Yes, kids need to be around each other. Yes (perhaps) kids get less sick and/or die from COVID-19. But these truths continue to be self-evident:
-- Kids are rolling the dice too. Kids still get it. Kids still get sick. Kids still die.
-- Kids can pass it to adults and can kill them (there are examples of this). Again, playing the odds because we have not had schools open so we do not know the rate of this – could be like the general population, could be less.
-- Sure, it is a low percent of kids (we think, so far) who get sick enough to stay home, but one positive kid shuts down a school. So, actions must be taken ahead of time for the absolutely likely event that your kid will go to school for a period of time and then have to come home on lock down.
-- Germany did this best. And they still sent kids home, contact traced, and shut schools. This is the model if we want kids to interact in person for at least a portion of their school season.
-- BUT this is only the model if the virus in the general population is low or trending downward. Right now, all bets are off for many districts in counties/cities/towns that are out of control
-- High school and older should stay home and tele-learn. If they don’t learn as well, it’s on them. Parents should be able to know what kind of kid they have by the time they are in high school or college. They will learn or not for now and when the pandemic is over they will have to catch up or not.

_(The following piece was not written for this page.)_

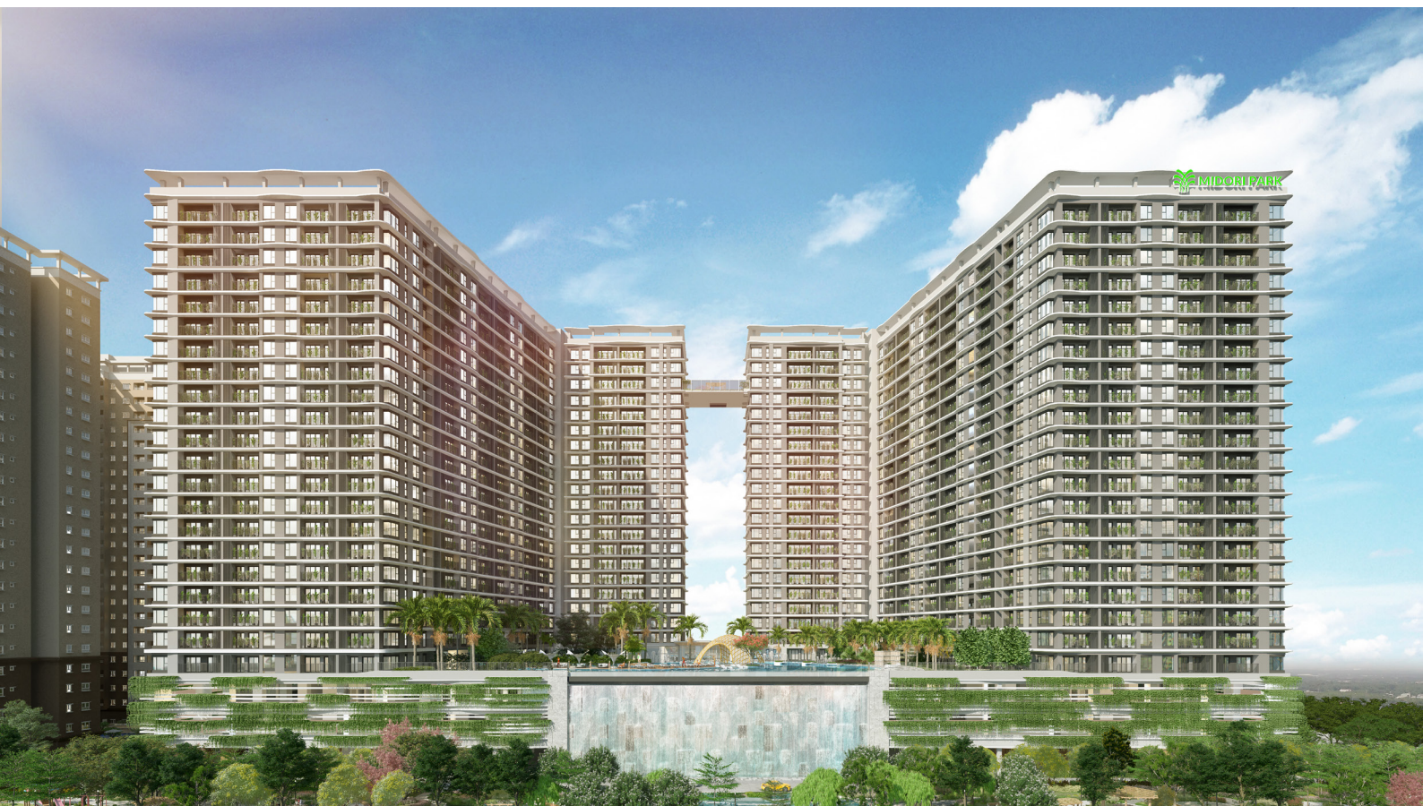
MIDORI PARK The GLORY ( Up-coming Project )

-- College age that have to pay tuition to stay home? Yes, suck it up. Our schools want you back some day, so keep paying the teachers and infrastructure even if you are not there.
-- And seriously, do you have to ask what I think about sending international students home if they have to tele-learn? Don’t make me have a full-blown rant here.
-- Younger kids are really the challenge. Having sensible, controlled, and masked play groups outside, and low numbers in indoor areas (including gyms) are key. If the high schools are not being used for their students, then other grades (depending on district what cohort has the most kids) could socially spread to those spaces allowing more distance and more younger kids in person.
-- If your district is opening and you do not feel it is safe, get together with your kid’s friends parents and figure out Homeschool. There are loads of materials online and ways to do it. Involve the teachers because I promise, someone will get sick and the whole thing will shut down anyway so might as well be ready.
-- If your kids can go back safely because you are in a magical bubble somewhere in the USA where the trend is in your favor – go for it -- in a German cautious way.
Various agencies including the CDC are reporting that since March the USA has grossly underestimated how many people might have had the virus in one way or another. The US reported something like 120,000 cases in March and the health records and epidemiological math suggests it’s closer to OVER 8 MILLION. If you wondered how we are blowing up like we are it is because we have had vastly more undocumented and untraced people spreading the virus at will.
If any of this math ultimately bears out, we are a long, long way from over all this in the USA. PS: Great job the rest of the world!
Anyone else watch HAMILTON multiple times? Keep it up. That’s good medicine.
As always: Don’t be afraid. Be smart. And -- be well and take care of each other!
The chameleon photo I took last year in Madagascar is unrelated to this thread. He just looks cool and I thought was more cheery than COVID-19 photos! Enjoy!